[[ Dataset entries, beginning ]]
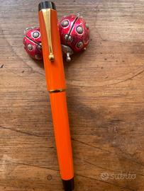 La penna è in resina arancio, con la clip in oro 18 carati recante l'incisione Parker e l'indicazione del luogo di produzione USA.
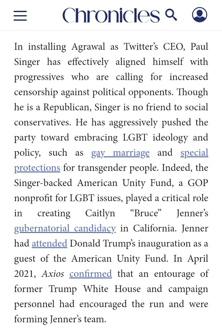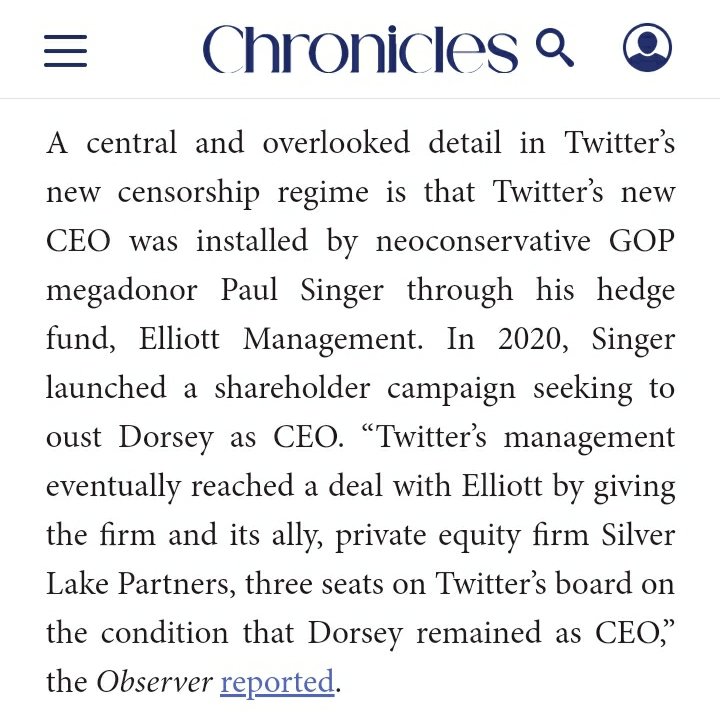 But the main story here is that the new Twitter CEO and, by extension, the new censorship regime, can be credited to Republican donor Paul Singer, who ousted Jack Dorsey and installed Agrawal
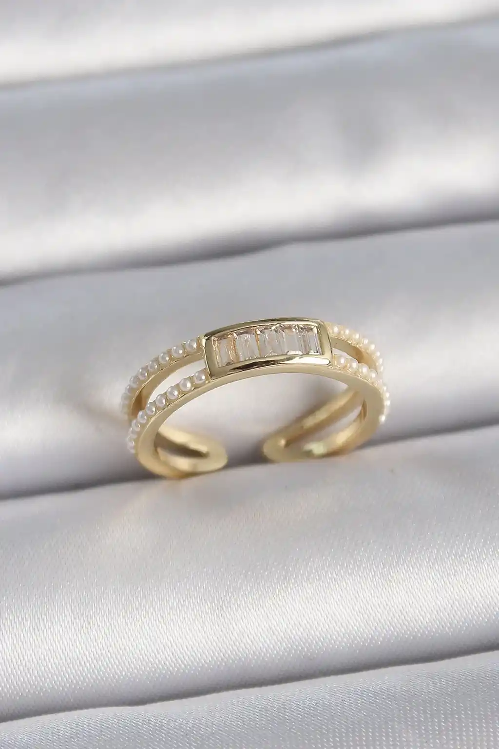 Pirinç Gold Renk Ayarlanabilir Sıralı İncili Zirkon Taş Detaylı Kadın Yüzük
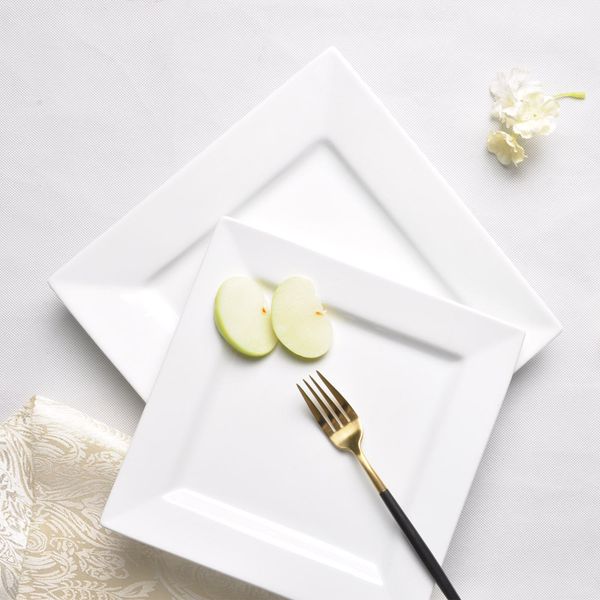 квадратная западная кухня плоская тарелка отель спаржа стейк торт паста тарелка 23.3х2.5 см белая керамическая плита re458
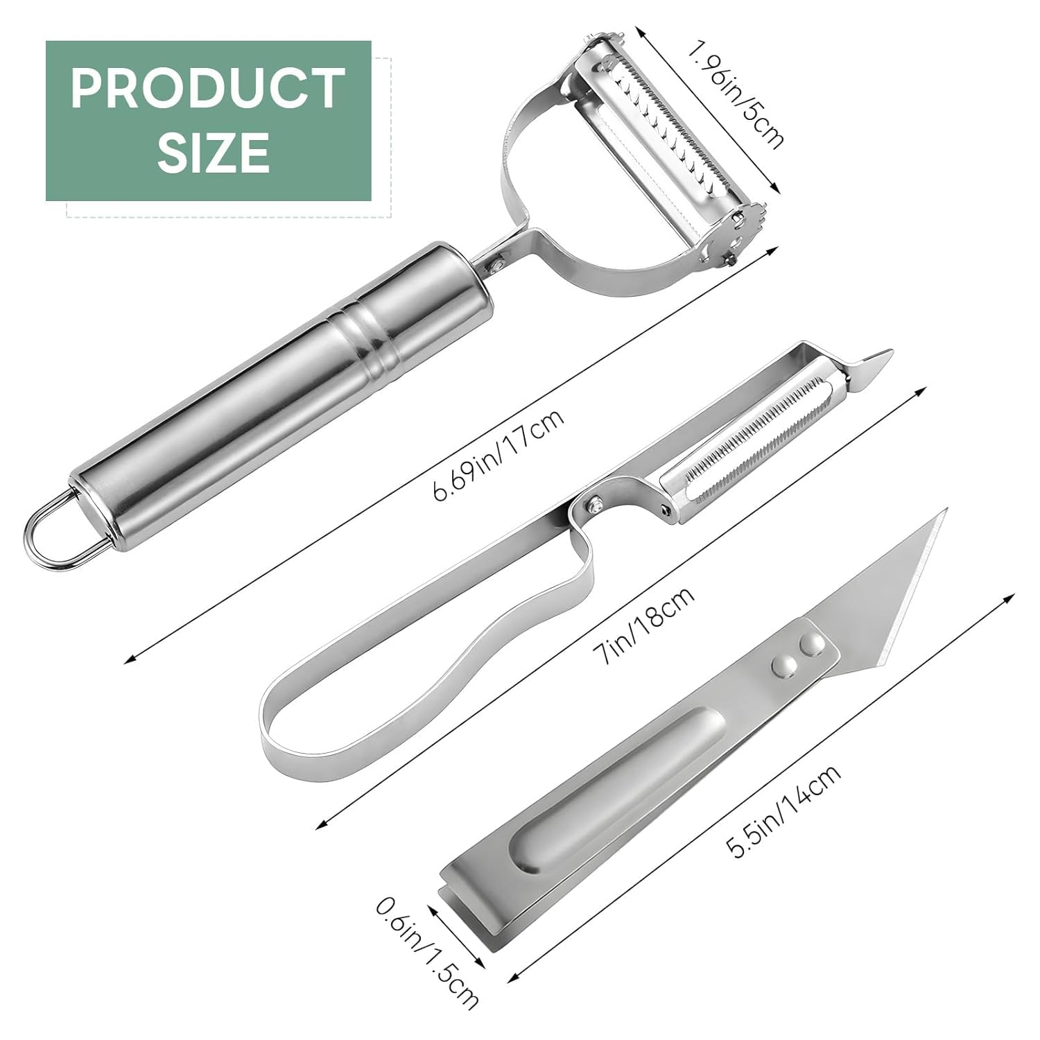 3PCS Set Multi-function Vegetable Peeler, Upgraded Stainless Steel Julienne Peeler, Carrot Potato Melon Fruit Peelers, Fruit Peeler Carrot Shredder Potato Peelers for Home Kitchen Gadget
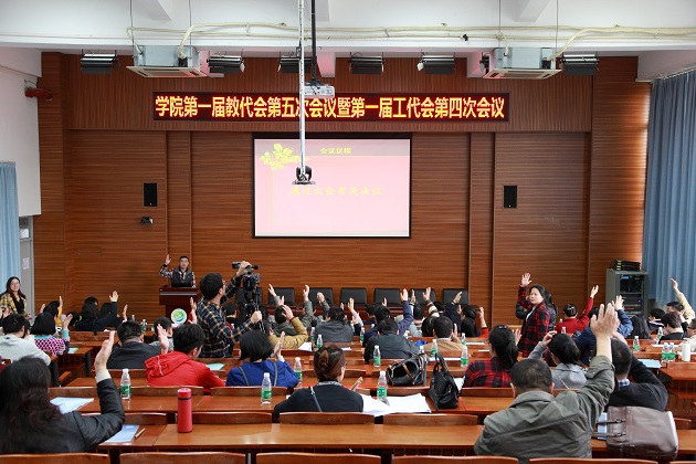 3月27日,我院第一届教职工代表大会第五次会议暨第一届工会会员代表大会第四次会议在教学楼116室开幕。学院领导陈文韬、孙水裕、李杨红、奚创旭以及来自全院的教职工代表、工会会员代表100余人出席会议。工会副主席孙耿乐主持大会。
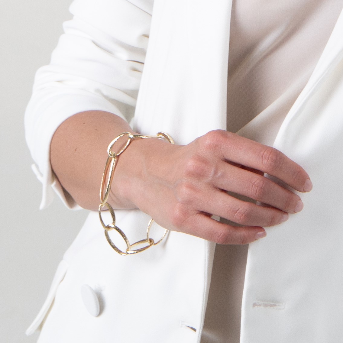 Passione catene: accessorio immancabile, raffinato e sempre di tendenza. Collane, orecchini e braccilai sono costituiti da ampi elementi fusi dalle forme e dalle lunghezze diverse, uniti tra loro da leggere catene o contromaglie.
[[ Dataset entries, end ]]
Exactly repeat the data above; the pictures do not belong in your copy.

 La penna è in resina arancio, con la clip in oro 18 carati recante l'incisione Parker e l'indicazione del luogo di produzione USA.
 But the main story here is that the new Twitter CEO and, by extension, the new censorship regime, can be credited to Republican donor Paul Singer, who ousted Jack Dorsey and installed Agrawal
 Pirinç Gold Renk Ayarlanabilir Sıralı İncili Zirkon Taş Detaylı Kadın Yüzük
 квадратная западная кухня плоская тарелка отель спаржа стейк торт паста тарелка 23.3х2.5 см белая керамическая плита re458
 3PCS Set Multi-function Vegetable Peeler, Upgraded Stainless Steel Julienne Peeler, Carrot Potato Melon Fruit Peelers, Fruit Peeler Carrot Shredder Potato Peelers for Home Kitchen Gadget
 3月27日,我院第一届教职工代表大会第五次会议暨第一届工会会员代表大会第四次会议在教学楼116室开幕。学院领导陈文韬、孙水裕、李杨红、奚创旭以及来自全院的教职工代表、工会会员代表100余人出席会议。工会副主席孙耿乐主持大会。
 Passione catene: accessorio immancabile, raffinato e sempre di tendenza. Collane, orecchini e braccilai sono costituiti da ampi elementi fusi dalle forme e dalle lunghezze diverse, uniti tra loro da leggere catene o contromaglie.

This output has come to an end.